Oh noes people said mean things about me in the interwebs my entire world is destroyed! Really? If you think a future employer is using TheDirty as the basis for hiring you, you might be in the wrong business.

ProTip: No one can put you down without your permission.

When trying to “defend” your name, turning the post into a giant circus and focusing more attention on it might be the wrong play.

Anonymous Coward says:


What is the mechanism being used to make those decisions?

Copyright, it is a useful tool for censorship of any kind bad and good, if we can’t learn to take the bad with the good we don’t deserve to be free, there is a price to pay for liberty and democracy and for some that price apparently is not worth paying anymore.

That Anonymous Coward (profile) says:

Re: Re:

its not defamation if its true…

Lamar Smith is a brainless idiot.
This could be defamation lacking a flatline EEG.
It is however my opinion of the person, and is protected speech.

Lamar Smith is out to destroy the internet.
This is fact, supported by his actions.

Lamar Smith will not answer the allegations he has done horrible things to ponies.
This could be defamation indirectly, but a factually accurate statement.

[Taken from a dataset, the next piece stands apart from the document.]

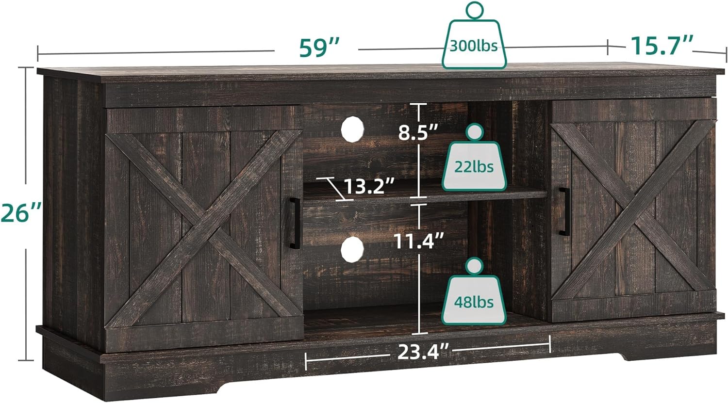 NEW - YITAHOME Buffet Cabinet, 59.5" Farmhouse Sideboard Buffet Storage Cabinet with Barn Door Coffee Bar Cabinet with Capacity 300 lbs for Home Dinning Living Room,Dark Rustic Oak, 26“ Height - Retail $197

Lamar Smith did Hollywoods bidding very cheap, does this make him the Walmart of Political Influence?
Again treading on the line, but factually accurate that he supported the proposal from the MPAA while getting less donations than other Congress members.

Lamar Smith doesn’t use bookmarks, he just liked to bend over pages.
And now we come to tap dancing on the fine fine line… the statement is not defamation as the connotation in the readers head creates or misses the punchline.

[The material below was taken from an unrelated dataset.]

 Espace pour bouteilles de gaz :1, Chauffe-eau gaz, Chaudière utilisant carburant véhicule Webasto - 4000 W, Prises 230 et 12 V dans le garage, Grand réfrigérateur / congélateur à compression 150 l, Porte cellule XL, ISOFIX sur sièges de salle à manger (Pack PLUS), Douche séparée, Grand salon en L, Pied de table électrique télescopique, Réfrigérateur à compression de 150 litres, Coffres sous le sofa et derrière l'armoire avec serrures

Lamar Smith is a dirty politician.
Lacking any factual basis to support the statement, this would be defamation.

These are all hypothetical examples to illustrate a point, and now I hope you find yourself better informed.

f0nZi3 (profile) says:

WTF are they teaching in law school?

Let’s face it, judges are failed lawyers. Couldn’t make in in the private sector so they run for public office.

I just wonder what class taught them that if they don’t like the letter of the law (or even the spirit of the law), they can and should use their own bias and personal opinion to come to a summary judgement.

This nation needs an enema.

That Anonymous Coward (profile) says:

Re: Re:

Where did you see the child rape accusation?
It seems like this case is based on 2 posts about her to the dirty.

She was concerned about how it might possibly affect her job, ignoring the obvious answer of questioning the person who followed the dirty enough to notice her and bring it up.

The current lawsuit seems to be focused only on getting money from the deep pockets, because the lawyer turned down a chance to get the information on the people who actually posted the original comments.

“Deters and Jones hope to find out who sent the photo and information about Jones to Karamian in the first place. ?You don?t get to hide behind fake names for slander and libel,? said Deter. Deters says the representative offered to give them that information if they dropped the case, but he declined.”

This is the downside of seeking celebrity, and people should consider the downside… people will always want to take you down a peg. We shouldn’t reward them for that.

bob says:

…only goes to show that if masnick would just bow to Big Search, Big Content and Big Media, his pathetic little blog might get some attention.

It’s really a shame that masnick and all of his pathetic little sycophants can’t make a difference, so they just baaah baaah baaah to get their voices heard, and then pretend that they make a difference.

Quit pretending that you represent the voice of ‘the internet’ or ‘the people’ and admit that you advocate piracy.


That Anonymous Coward (profile) says:

Re: Re:

reading… is fundamental…
you on the other hand appear to be just mental.

is this what happens after you’ve been out all night drinking and instead of drunk dialing you drunk post?

Or is this a really lame entry trying to win funny?

-2/10 if your rant can’t even be loosely tied to the thread just stop… otherwise its just like your…. A PAYWALL!